„Unser Ziel ist es, die Lyrik einerseits von der Community her zu stärken, aber auch wieder vermehrt ins öffentliche Bewusstsein zu rücken“

Foto © Udo Kawasser

Der Dichter und Übersetzer Udo Kawasser hat es sich zur Aufgabe gemacht, Lyrik wieder mehr ins öffentliche Bewusstsein zu rücken und dabei gleichzeitig auch die Lyrik-Community zu stärken. Zusammen mit der Autorin und Literaturkritikerin Monika Vasik und dem Autor und Literaturwissenschafter Peter Clar, setzt sich Kawasser nun bereits seit mehr als zwei Jahren intensiv für die Förderung zeitgenössischer Dichtkunst ein: mit Hilfe des dreitägigen Lyrikfestivals poesiegalerie und der gleichnamigen digitalen Plattform http://www.poesiegalerie.at.
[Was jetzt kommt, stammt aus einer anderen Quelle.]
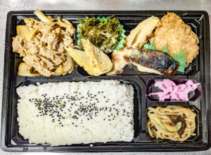 ・ヒレカツ ・サバのみそ焼き ・竹輪煮 ・厚焼き玉子 ・牛焼肉
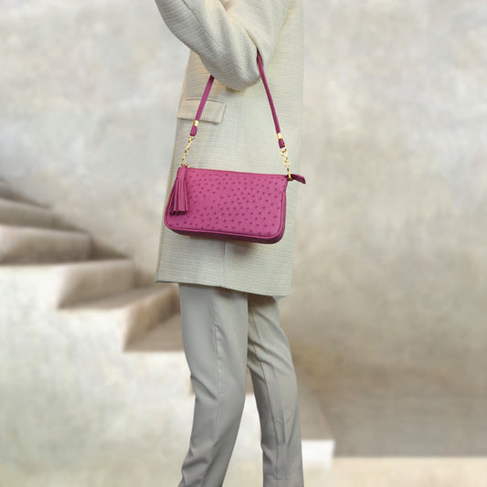 Ausverkauft - Schreiben Sie mir.Handtasche "Pochette" in Magenta-Pink mit goldfarbenen Details
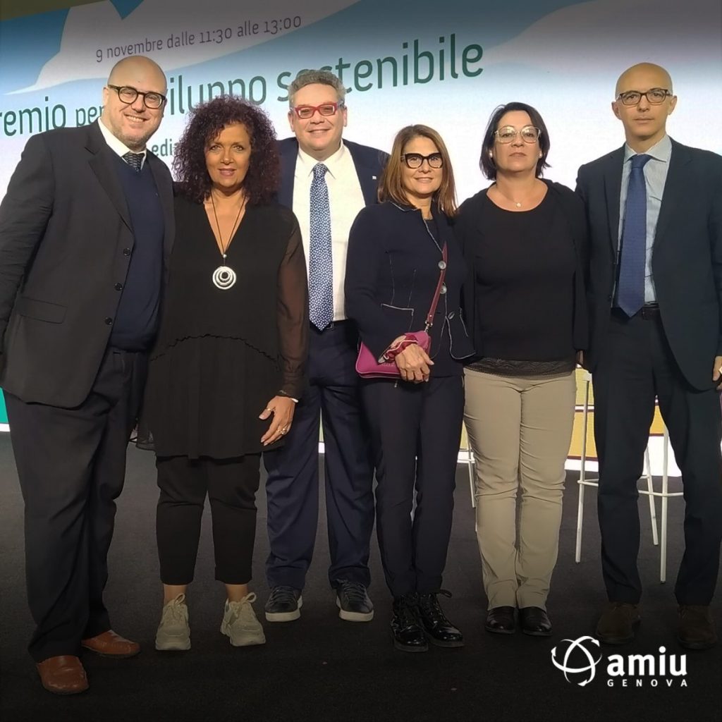 AMIU, insieme al Comune di Genova, è salita sul palco di Ecomondo per ricevere il 1° Premio per lo Sviluppo Sostenibile 2023 – settore economia circolare – promosso da Fondazione Sviluppo Sostenibile.![]()
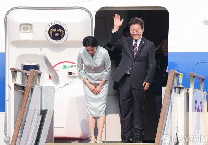 오후 4시 30분 이 대통령과 김 여사는 트랩을 올라 공군 1호기 앞에 선 뒤 참석자들을 향해 뒤돌아 손을 흔들며 인사했다. 이후 이 대통령 부부는 공군 1호기에 탑승하며 첫 순방길에 올랐다.
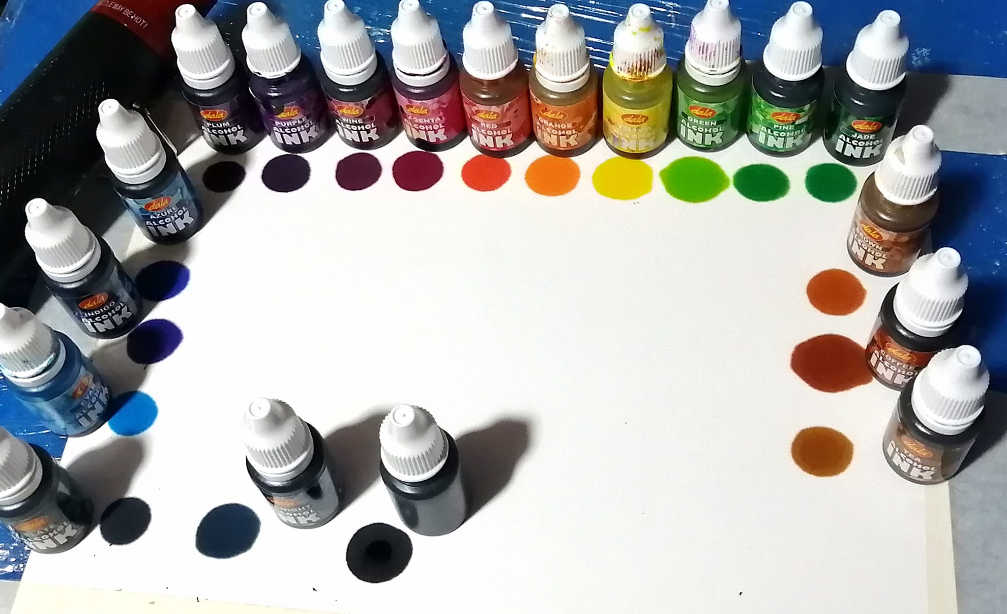 Dala Alcohol inks are highly saturated, translucent and fast drying. They can be used on any hard surface, glass, plastic, ceramic, stone, metal, leather, polymer clay, resin and more.
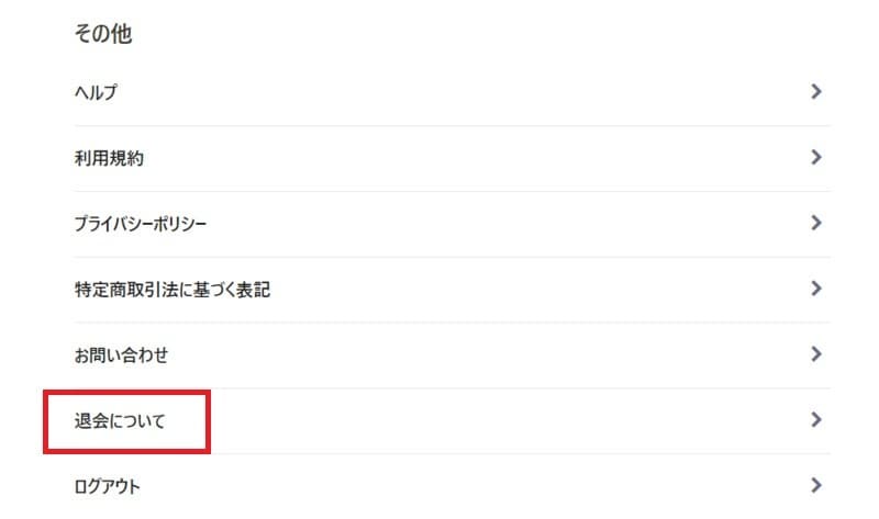 その後、設定一覧から「退会について」のオプションを選んでください。
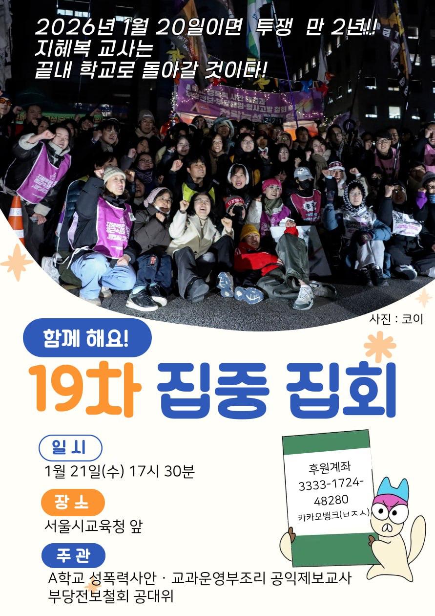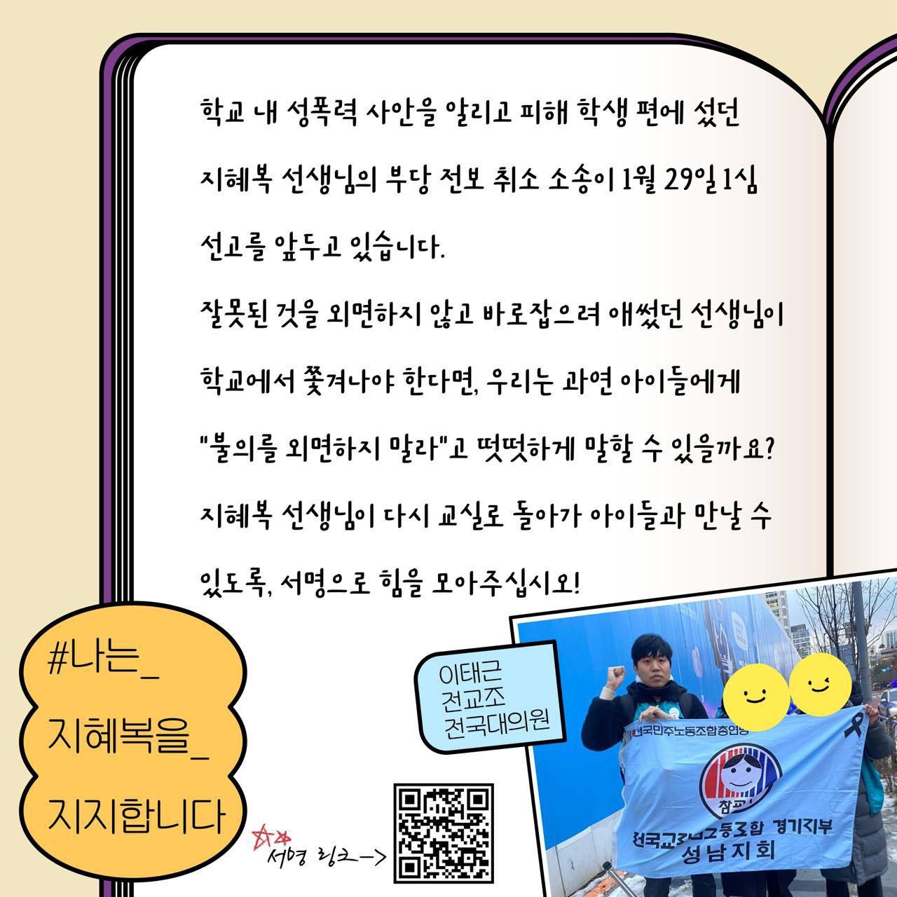 1μ 29μΌ μ§ν볡 κ΅μ¬ λΆλΉμ 보 μ·¨μμμ‘ 1μ¬ μ κ³ κ° μμ΅λλ€. νκ²°μ μλκ³ , μ¬νλΆμ μ§ν볡 κ΅μ¬ λΆλΉμ 보 μ·¨μλ₯Ό μꡬνλ μλͺ μ΄λμ μ§νν©λλ€. μμ§λ μμΈμκ΅μ‘μ² μ κ·Όμ κ΅μ‘κ°μ μ§ν볡 κ΅μ¬ 곡μ΅μ 보μ μ§μλ₯Ό λΆμ νλ©° λΆλΉμ 보·λΆλΉν΄μΒ·νμ¬κ³ λ°μ μ μ§νκ³ μμ΅λλ€. μμΈμκ΅μ‘μ²μ νμ νλ ₯μ μ€λ¨νκ³ μ§ν볡 κ΅μ¬κ° Aνκ΅λ‘ λμκ° μ μλλ‘ ν¨κ» ν΄μ£ΌμΈμ. μ μλ‘μ΄ νκ²°λ‘ μμ νκ³ νλ±ν νκ΅λ₯Ό λ§λ€κΈ° μν μλͺ μ΄λμ μ°Έμ¬ ν΄μ£ΌμκΈΈ μμ² λ립λλ€.
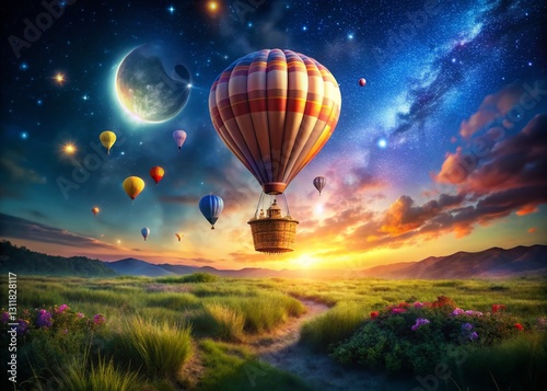 Whimsical Hot Air Balloon Adventure: Low Light Night Sky Fantasy

Herr Kawasser, die von Ihnen initiierte Poesiegalerie ist ursprünglich aus einem Festival entstanden – wie kam es zu der Idee einer digitalen Plattform für Lyrik?

Udo Kawasser: Da möchte ich kurz ausholen: Die erste POESIEGALERIE fand im November 2018 statt und war mein Versuch, die wunderbaren Erfahrungen, die ich bei mehreren Auftritten in der Lyrikbuchhandlung, die von den unabhängigen Lyrikverlagen jeweils parallel zur Leipziger Buchmesse ausgerichtet wird, auf Wien zu übertragen. Was mich beim Lesen dort so begeistert hatte, war das konzentrierte Interesse der Anwesenden, die zu einer nicht geringen Anzahl aus Autor*innen, Verleger*innen, Literaturredakteur*innen und anderen Aficionados bestanden, und die Anwesenheit der liebevoll gemachten Bänder der verschiedenen Verlage auf einem großen Tisch in der Mitte. Ich beriet mich mit Ralph Klever, der mich ermutigte einen Versuch zu starten, den ich allerdings ohne irgendeine Förderung durchführen musste und glücklicherweise zu äußerst positiven Rückmeldungen von den lesenden Autor*innen und den Zuhörer*innen führte. Mir war aber von Anfang klar, dass das Lyrikevent nur ein erster Schritt sein konnte und entwickelte einen umfassenden Plan, der darauf zielt für die Poesie wieder Boden gutzumachen, den sie über die letzten Jahrzehnte in der Gesellschaft verloren hat, bewohnte sie doch nur mehr „eine Ecke der Ecke Literatur“, wie das Michael Hammerschmid kürzlich in einem Interview auf unserer Seite formulierte. Tatsache ist, dass Gedichte und Rezensionen von Gedichtbänden kaum mehr in den großen Medien vorkommen, dass die Lyrikregale in den Buchhandlungen die Größe eines Feigenblatts angenommen haben und auch in den Schulen kaum mehr Gedichte gelesen und es an den Universitäten fast keine Auseinandersetzung mit zeitgenössischer Lyrik gibt. Unser Ziel ist es, die Lyrik einerseits von der Community her zu stärken, aber auch wieder vermehrt ins öffentliche Bewusstsein zu rücken. Wobei wir einen sehr offenen Poesiebegriff vertreten und wir von Anfang an auch die transmediale Poesie mit an Bord hatten. Mit wir meine ich übrigens neben mir die beiden Mitbegründer*innen von poesiegalerie. verein zur förderung der zeitgenössischen dichtkunst die Autorin und Literaturkritikerin Monika Vasik und den Autor und Literaturwissenschafter Peter Clar.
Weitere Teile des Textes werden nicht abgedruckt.